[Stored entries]

------

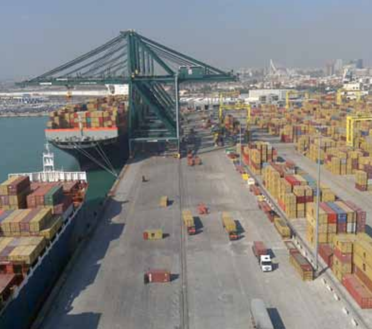
Valencia Port Spain. FLEGT VPA licenses are checked by customs at EU port of arrival. Timber with a valid license is considered legal under EUTR.

IMM will progressively widen the scope of monitoring against the indicators in liaison with VPA countries and other stakeholders as more licensed timber becomes available, market awareness rises, and market monitoring capacity is established.
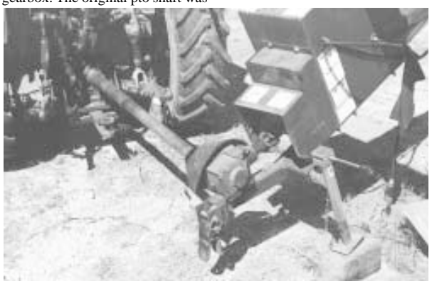
Jacobs replaced auger's original pto driveshaft with a right angle gearbox.

Contact: FARM SHOW Followup, Joe Jacobs, Box 21, Carlinville, Ill. 62626 (ph 217 854-2356).
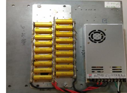
Figure 2 : Example of Test Setup
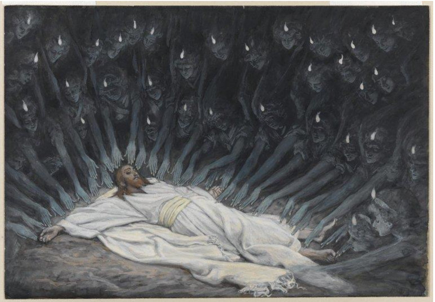
James Tissot (1836 – 1902) Jesus Ministered to by Angels (Jésus assisté par les anges)

Diocese of Melbourne - Anglican Church of Australia Parish Church of the City since 1846
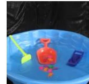
Sifting Pool with Tools: $10
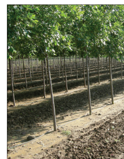
PE Tubing with On-Line Drippers in Nursery
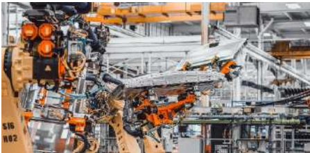
Welding and Joining Systems
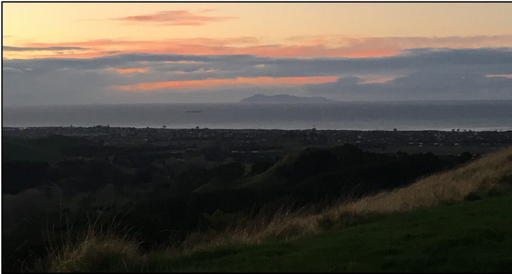
A beautiful evening for a walk!

Secondly we have volunteered at the local Bay of Plenty Breast Cancer Support group with the running of their 10th annual Papamoa Hills Night Walk. A beautiful calm night under a near full moon with lots of happy walkers supporting a valuable charity to those going through the Breast Cancer journey.

------

In the data above, find the line containing "Welding and Joining Systems" and the line containing "A beautiful evening for a walk!". Copy exactly the stretch from the first through the second, both included, leaving out any picture.

[Task solution]
Welding and Joining Systems
A beautiful evening for a walk!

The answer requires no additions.